DIRECTIONS FOR THIS TASK
Reproduce every line of the listing as written, apart from the pictures.

DATA SEGMENT
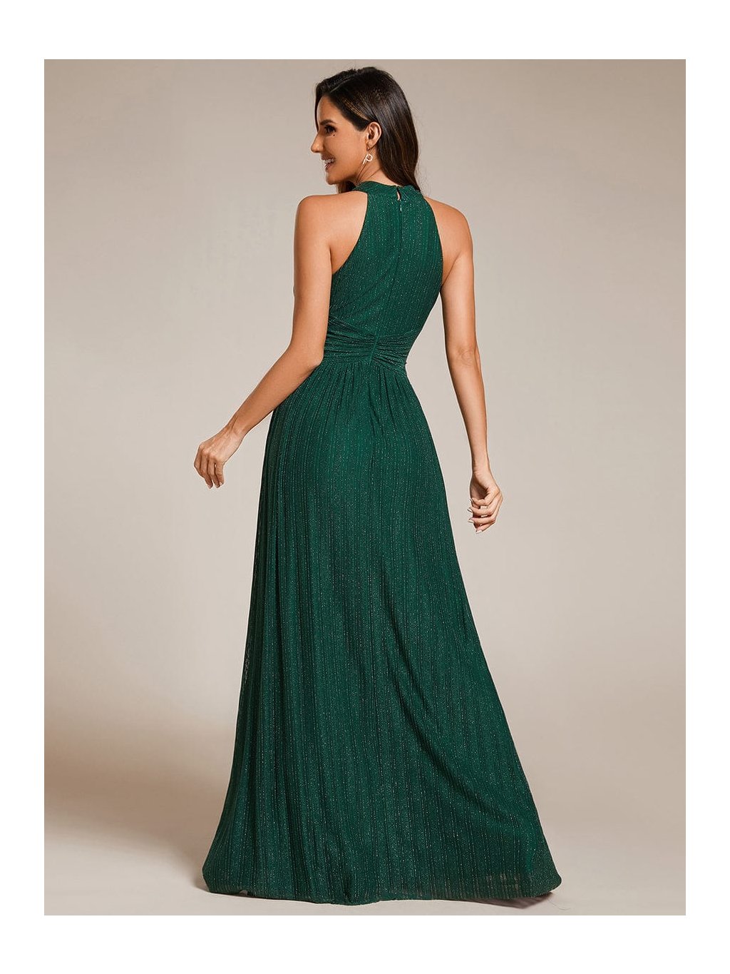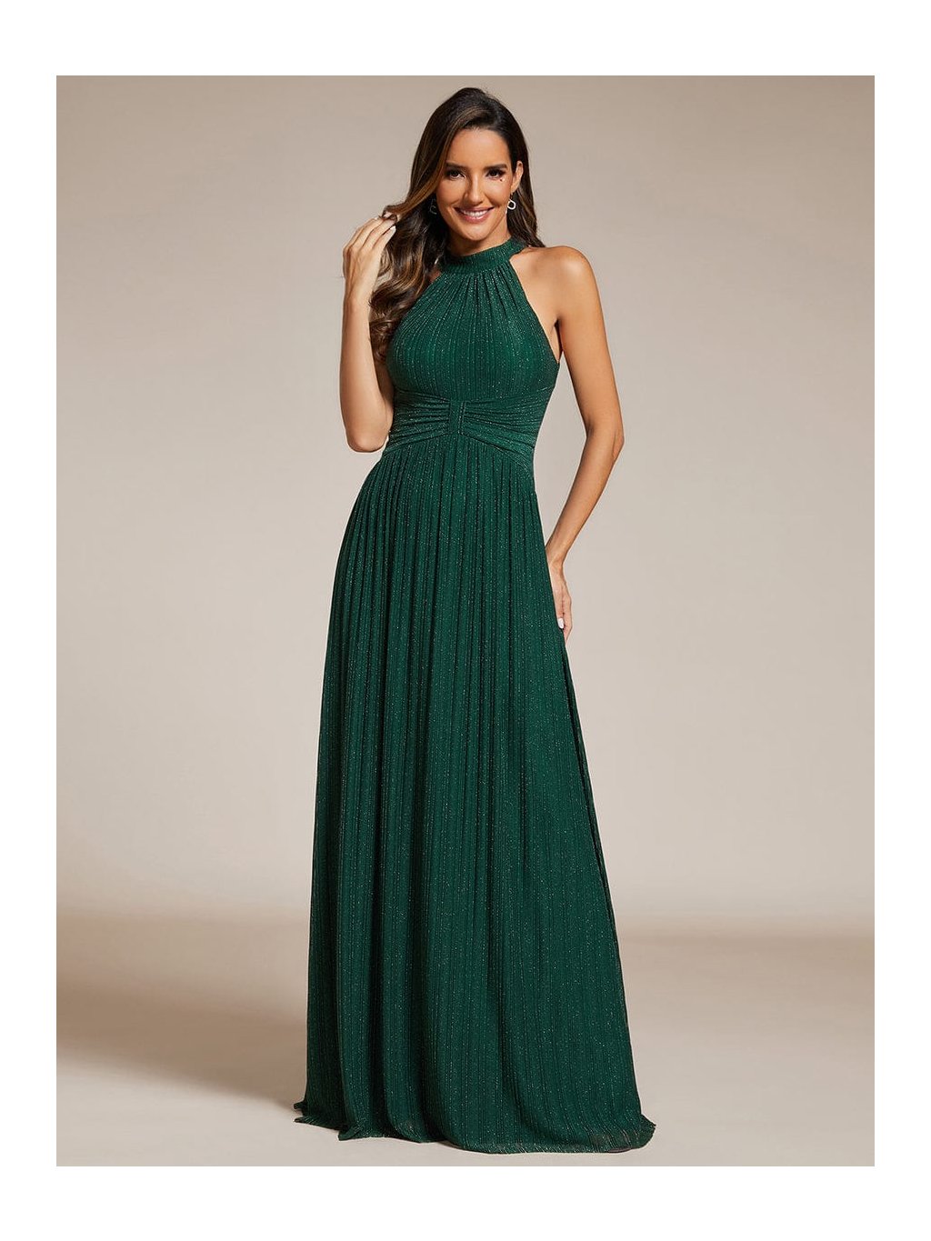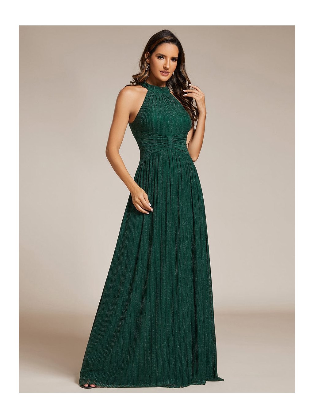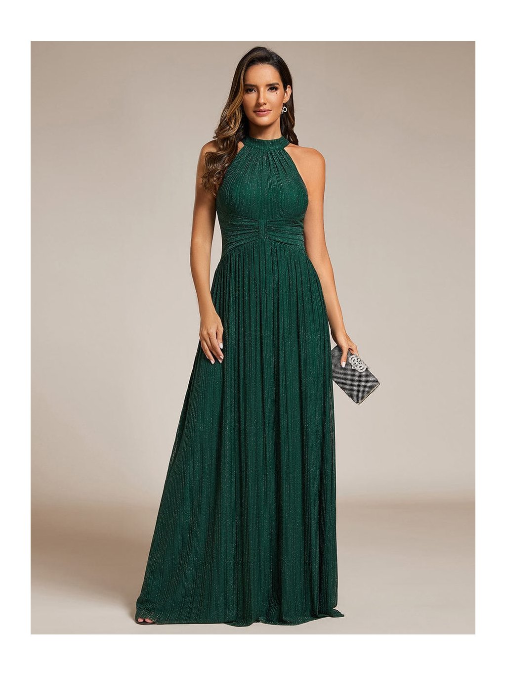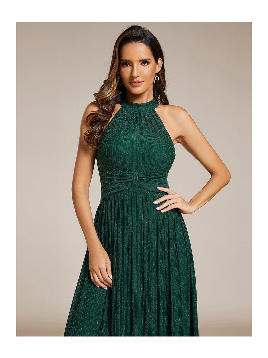 Pozvedněte svůj večerní styl s našimi třpytivými formálními šaty s halter výstřihem a plisovaným designem, které se skvěle hodí na galavečery a plesy. Tyto šaty vytváří okouzlující siluetu a opticky prodlužují postavu díky lehce výše vsazené dlouhé sukni ve tvaru A. Třpytivá látka se pod světlem leskne, což šaty činí ideálními pro formální příležitosti.
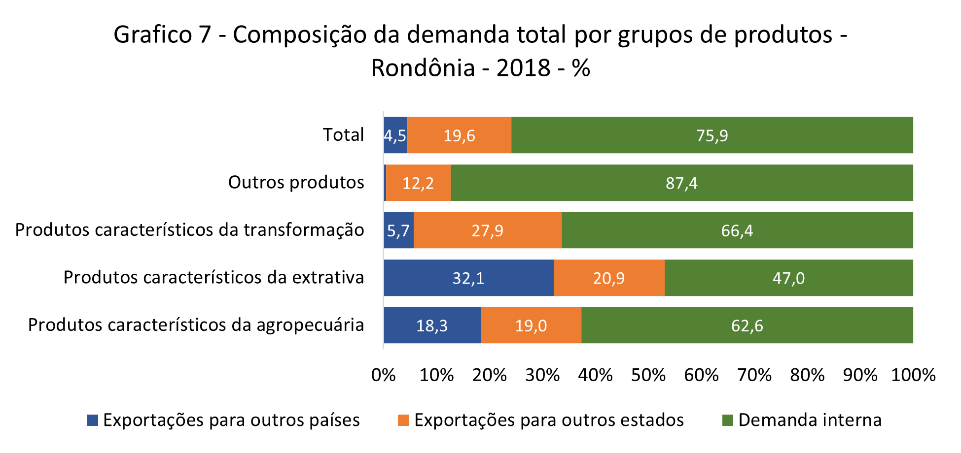Embora apenas cerca de 25% da demanda total de Rondônia referiu-se as exportações, em 2018, como apresentado no Gráfico 7, houve percentuais elevados em determinados grupos analisados, como os de produtos característicos da extrativa (51%) e da agropecuária (37,3%).
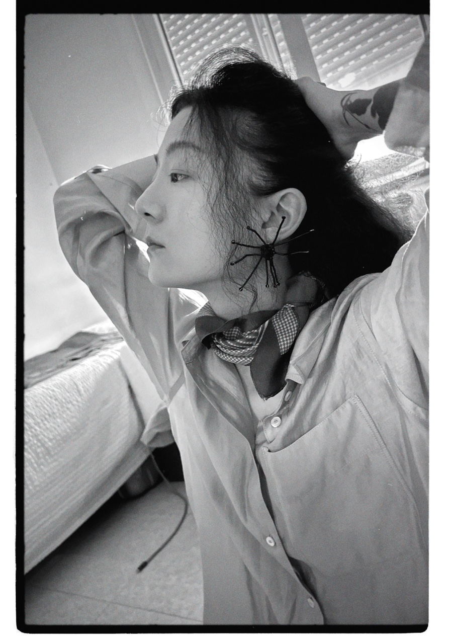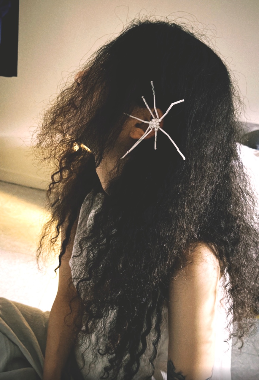 비정형의 디자인으로 유리 비즈와 은침(silver925)으로 완성되었으며
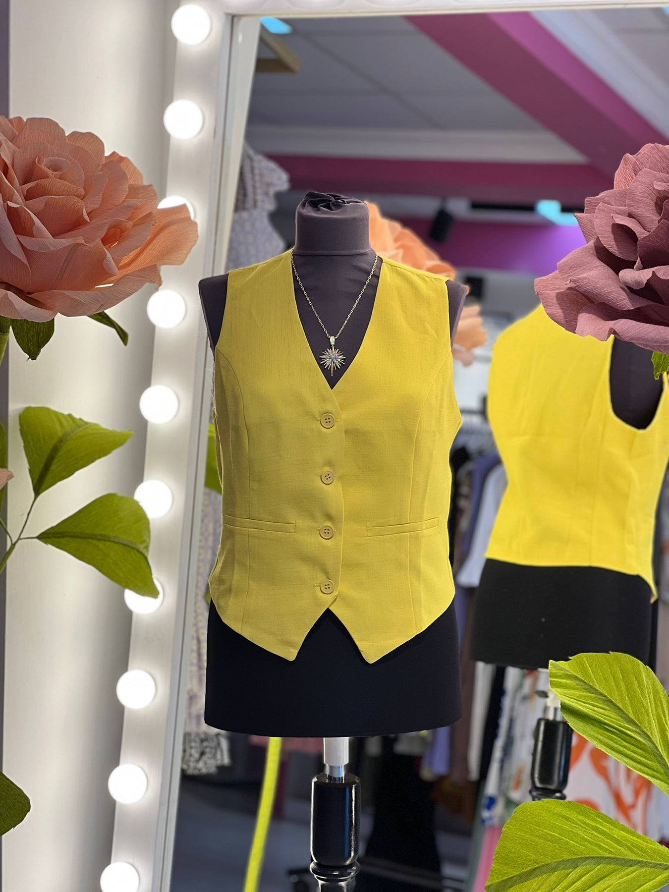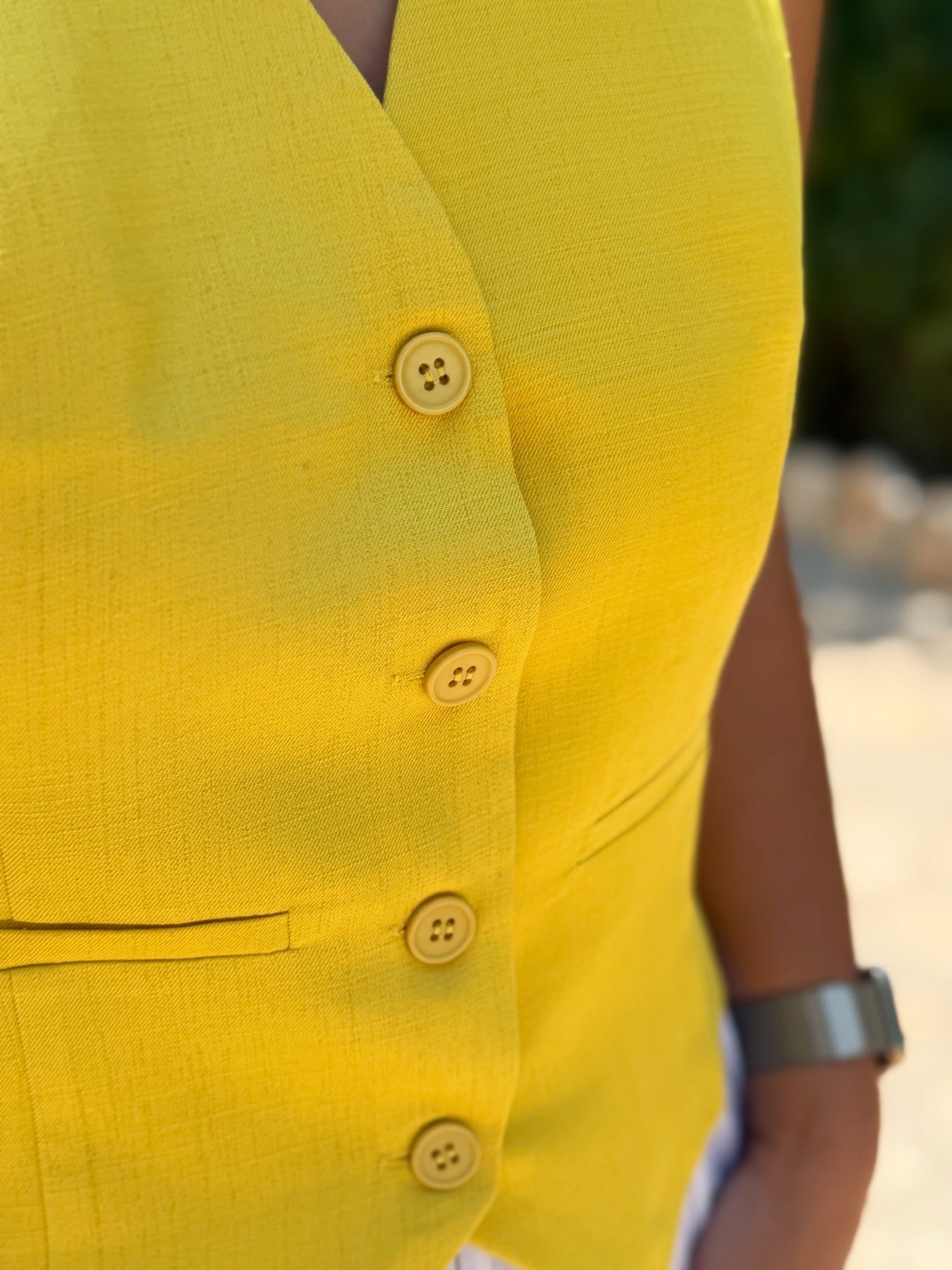 Keten Kumaş Sarı Renk Düğmeli Arka Kemer Detaylı Yelek

REPLY TO THE EXERCISE
 Pozvedněte svůj večerní styl s našimi třpytivými formálními šaty s halter výstřihem a plisovaným designem, které se skvěle hodí na galavečery a plesy. Tyto šaty vytváří okouzlující siluetu a opticky prodlužují postavu díky lehce výše vsazené dlouhé sukni ve tvaru A. Třpytivá látka se pod světlem leskne, což šaty činí ideálními pro formální příležitosti.
Embora apenas cerca de 25% da demanda total de Rondônia referiu-se as exportações, em 2018, como apresentado no Gráfico 7, houve percentuais elevados em determinados grupos analisados, como os de produtos característicos da extrativa (51%) e da agropecuária (37,3%).
 비정형의 디자인으로 유리 비즈와 은침(silver925)으로 완성되었으며
 Keten Kumaş Sarı Renk Düğmeli Arka Kemer Detaylı Yelek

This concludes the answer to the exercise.